**DATA BLOCK**
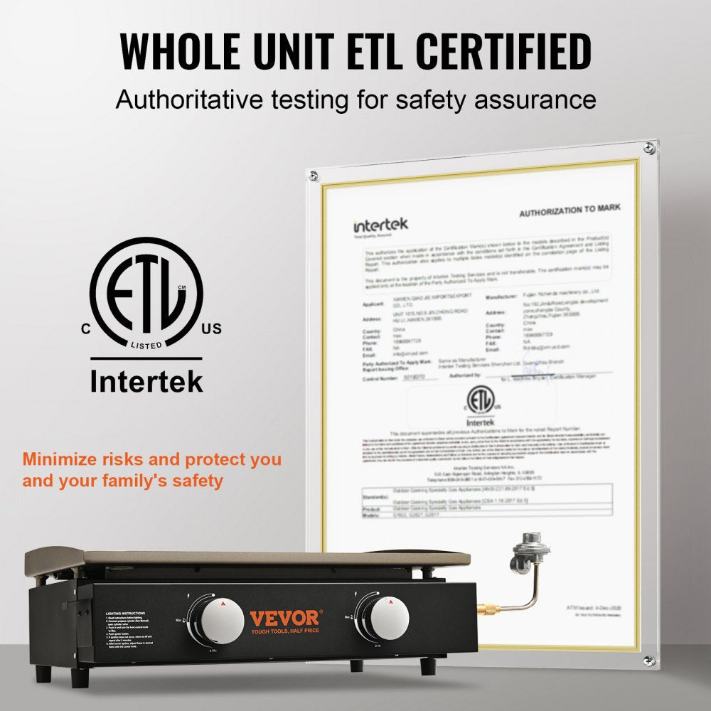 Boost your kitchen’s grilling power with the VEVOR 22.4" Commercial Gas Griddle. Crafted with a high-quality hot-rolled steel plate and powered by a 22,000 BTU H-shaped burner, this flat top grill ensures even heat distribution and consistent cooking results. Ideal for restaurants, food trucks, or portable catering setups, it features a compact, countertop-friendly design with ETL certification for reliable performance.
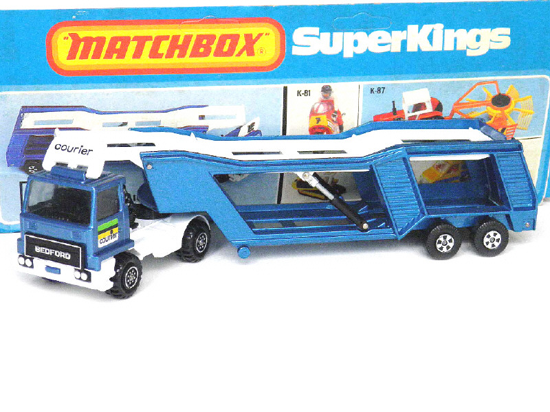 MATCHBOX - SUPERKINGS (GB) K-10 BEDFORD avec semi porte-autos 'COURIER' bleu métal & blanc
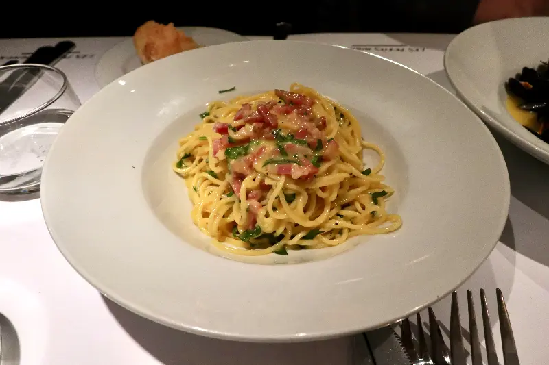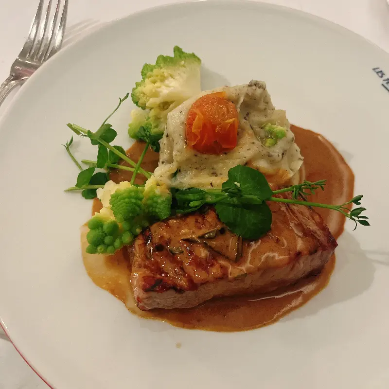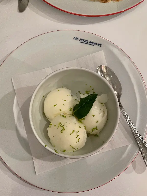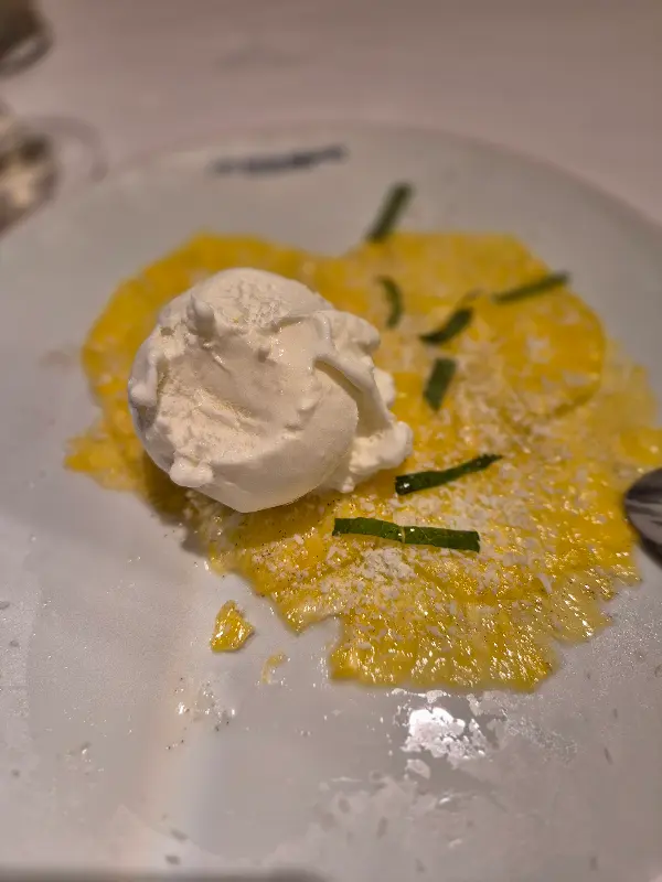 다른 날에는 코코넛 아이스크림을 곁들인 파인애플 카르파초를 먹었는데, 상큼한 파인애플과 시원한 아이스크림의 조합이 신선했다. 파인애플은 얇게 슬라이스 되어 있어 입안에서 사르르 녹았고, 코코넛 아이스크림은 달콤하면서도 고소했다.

**REQUIREMENT**
All that belongs in the answer is the exact run of lines from the line containing "MATCHBOX - SUPERKINGS" to the end of the listing above, pictures removed.

**SOLUTION FOR THIS EXERCISE**
 MATCHBOX - SUPERKINGS (GB) K-10 BEDFORD avec semi porte-autos 'COURIER' bleu métal & blanc
 다른 날에는 코코넛 아이스크림을 곁들인 파인애플 카르파초를 먹었는데, 상큼한 파인애플과 시원한 아이스크림의 조합이 신선했다. 파인애플은 얇게 슬라이스 되어 있어 입안에서 사르르 녹았고, 코코넛 아이스크림은 달콤하면서도 고소했다.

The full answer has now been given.